Они стащили у него хирургический гипс.

Радист вызвал меня из штурманской рубки и вручил личную радиограмму: из Нантакета сообщили, что Билл Эджертон погиб, испытывая водолазный аппарат. На мою долю выпала горькая обязанность рассказать об этом отцу. Горе ошеломило его; но как истинный ученый он не хотел срывать экспедицию. Я отвел его в каюту к Симоне, а сам пошел к радисту.

– Свяжись с командиром военно‑морской базы в Дакаре. Попроси выслать специальный самолет в Конакри, чтобы забрали профессора Эджертона и меня и перебросили в ближайший пункт, где можно пересесть на воздушный лайнер, идущий в Нью‑Йорк.

От радиста – к Сауту:

– Подними катер. Собери на лебедку нейлоновый трос, подбери все приборы.

Капитан взялся за рычаги и включил лебедку.

– Натяжение сильное, больше обычного, – сказал он. – А потяну сильнее – лопнет, чего доброго.

– Давай тяни, – ответил я. – Надо спешить, дело серьезное.

Саут прибавил мощности. Видно было, как растягивается цветной нейлон у самого барабана. Трах! Словно выстрелило крупнокалиберное ружье. Трос лопнул, обрывок скользнул за корму. Пропал наш глубоководный якорь.

– Пошли в Конакри, – сказал я. – Полный вперед.

 

После многих рейсов, получив десятки тысяч превосходных фотографий дна, мы с Эджертоном в конце концов вынуждены были признать, что результаты не отвечают нашим ожиданиям.
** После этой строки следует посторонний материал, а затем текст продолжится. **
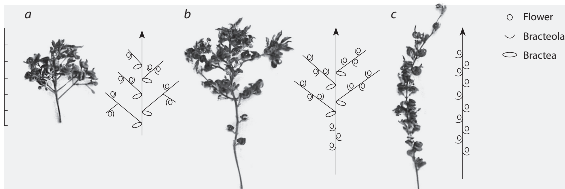
Fig. 1. Picture and scheme of main mutant inflorescences in alfalfa.

a – panicle ( pi-1 ); b – branched ( bri ); c – long petiole ( lp ).
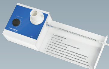
Melting Point MP-100
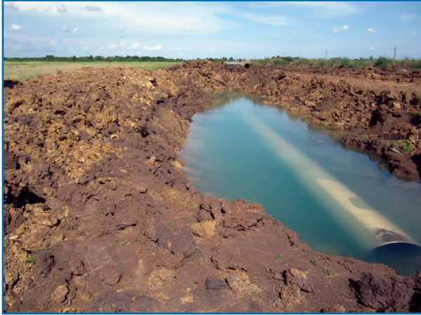
The pipe is not level in the ditch. The trench has collapsed around it on a construction site near Beaumont.
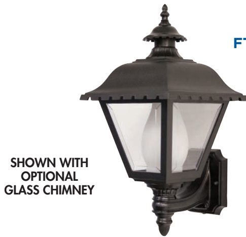
SHOWN WITH OPTIONAL GLASS CHIMNEY
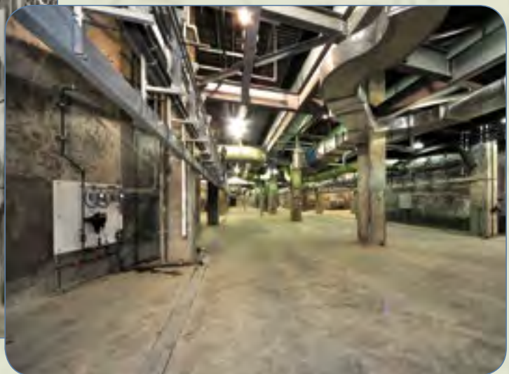
Pipe gallery for the solids contact basins
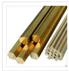
Brass Hex Bars
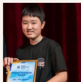
Sanghoon Yi Middle School
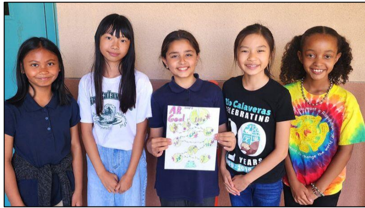
AR Board winners
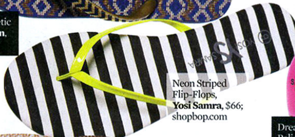
Neon Striped Flip-Flops, YOSI SAMRA , $66; shopbop.com
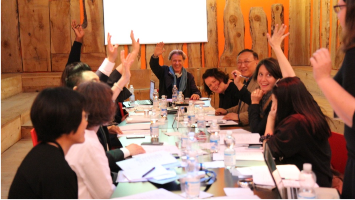
5th Board Meeting, May 30, 2016. Milano Triennale.
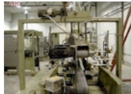
Edson 3100 Case Packer
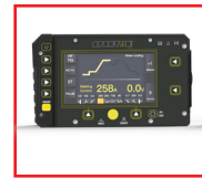
REMOTE CONTROL PANEL
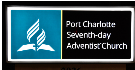
The new sign at Loveland Blvd.

The church sign at Kings Highway welcomes new people at the start of our new year! These are two of several messages being displayed on our electronic sign.
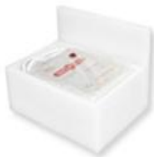
[Inner Packaging] With thick shockproof Special foam

Using thick shockproof packaging cartons, installed inside the foam packaging to avoid damage during transit
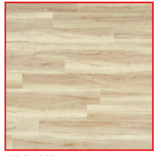
APPLEWOOD™ - 2506 AVAILABLE IN 5 COLORS
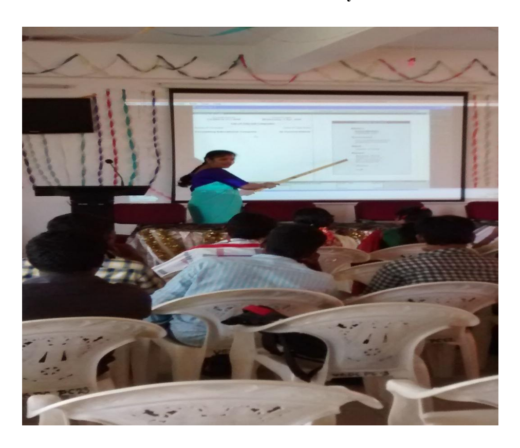
Youtube Lessons as part of ICT
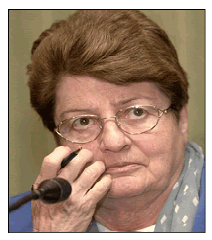
Anne Krueger, Deputy Manager Director of the IMF, addresses a news conference in Santiago, Chile, Jan. 2002, saying Argentina must present a sustainable and coherent economic plan in order to get assistance.

provide a false sense of security; market participants may attach too much value to these indicators, ignoring other relevant information. It may induce emerging markets to 'distort' the indicators in order to signal their relative soundness. As the previous discussion illustrated, short of deeper reforms, these signals may be misleading, and may not indicate a genuine reduction in vulnerability.

От ям да от бугорков рябило в глазах, а животных, которые их соорудили, нигде не было видно. Нас огорчало и то, что очень редко удавалось снять плавающие организмы, хотя из батискафов наблюдатели видели множество подвижных форм на дне. Очевидно, фотовспышка распугивала животных на той небольшой площади, которую перекрывал объектив. А длинные тросы и кабели были словно якоря, с ними «Калипсо» не могла уйти далеко. Надо было придумать новый способ фотосъемки дна.

– Пожертвовать камерой не жалко? – спросил я Папу Флеша.

– Жалко? Не больше, чем правой рукой, – ответил он. – А что вы задумали?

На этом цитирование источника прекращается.